Я возвращался на попутной машине из Селищева, военного городка аракчеевских времен, лежащего на берегу Волхова. Мы только что перебрались через реку, и наша полуторатонка, гремя разболтанными болтами, кашляя и задыхаясь, стала карабкаться по береговому откосу, когда навстречу нам вышли лыжники-автоматчики. Из-под круглых зеленых касок глядели усталые мальчишеские лица. Очень новые, с необмявшимися воротниками шинели, необстрелянное оружие за спиной, блестящие, как зеркало, шанцевые лопатки, не отрывшие ни одного окопчика, говорили о том, что эти автоматчики — молодые бойцы пополнения. Маршевый батальон не держал строя, и многие из автоматчиков ложились на снег для короткой передышки: кто — ничком, кто — свернувшись калачиком. Иные жадно, горстями, запихивали себе в рот пушистый сухой снег. Но были более выносливые или более упрямые. Согнувшись и не глядя по сторонам, они упорно шагали обочь дороги с лыжами на плече.
Промчалась штабная «эмка». Сзади нее, привязавшись ремнем к буферу, несся, присев на корточки, молодой лыжник. Вслед ему полетели веселые выкрики и шутки, забавная его выдумка как будто вернула бодрость уставшим паренькам. Они сдвигали на затылки глубокие каски, чтобы полюбоваться на своего лихого товарища.
Пронесясь мимо нас, боец поднял голову, и я узнал беспечное, нежное, с чуть монгольским разрезом глаз, красивое, дерзкое, дорогое лицо Кольки. Я что-то заорал и на ходу вывалился из кузова.
Штабная машина быстро удалялась к Волхову. Размахивая руками и крича во все горло, я бежал следом за ней. Коля приподнялся, — я чувствовал, он силится меня разглядеть, но расстояние между мной и машиной быстро увеличивалось. Лыжники провожали меня удивленными взглядами. Я выбежал на берег Волхова, когда машина уже подпрыгивала на досках моста.

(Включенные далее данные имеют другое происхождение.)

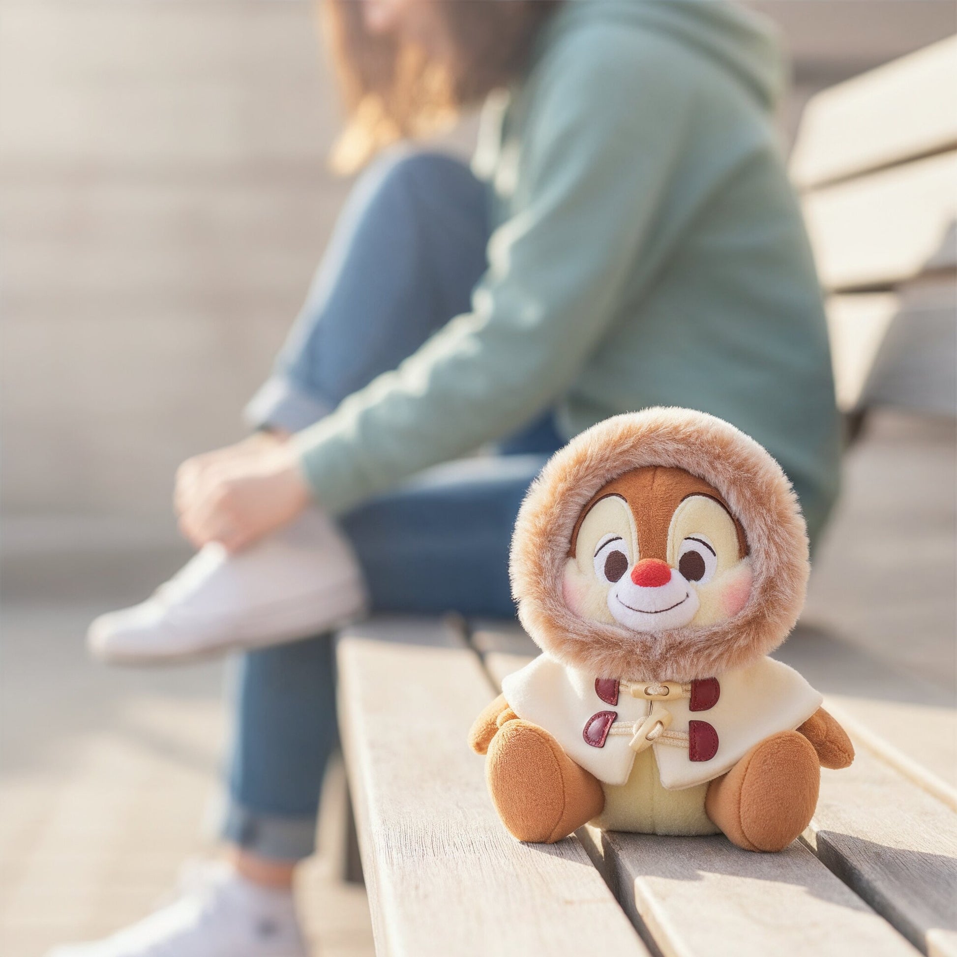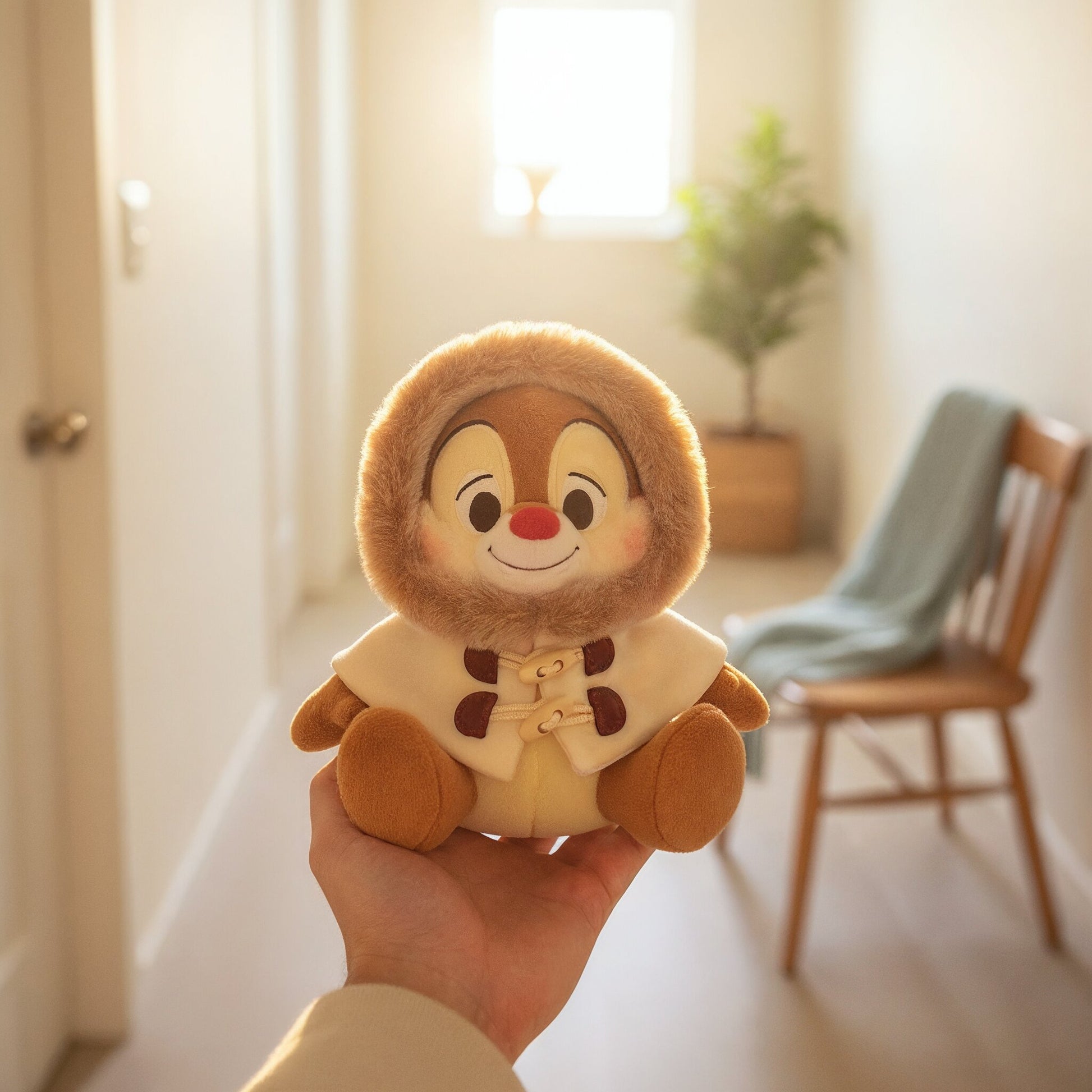 The "DUFFEL COLLECTION" series of plush toys that wear warm outerwear. Plush toy of Dale. Dale that goes well with a solid color chic cape coat. The hood is decorated with faux fur, which also makes the viewer feel warm. With toggle buttons and a lined coat in authentic style. The material is also firm. Placing it in the room will instantly create a seasonal atmosphere, so place it in a place of your choice and enjoy it

Впереди лежал замерзший, в черных полыньях, Волхов. Правый берег тонул в сумерках, а наш как-то печально светился, словно по его откосам расстелили бледные ризы. Никогда не забыть мне щемящей тоски закатов Приволховья. Казалось, что солнце, исчерпав свою скудную, бедную силу, навсегда прощается с землей, медленно и блекло навек умирает день…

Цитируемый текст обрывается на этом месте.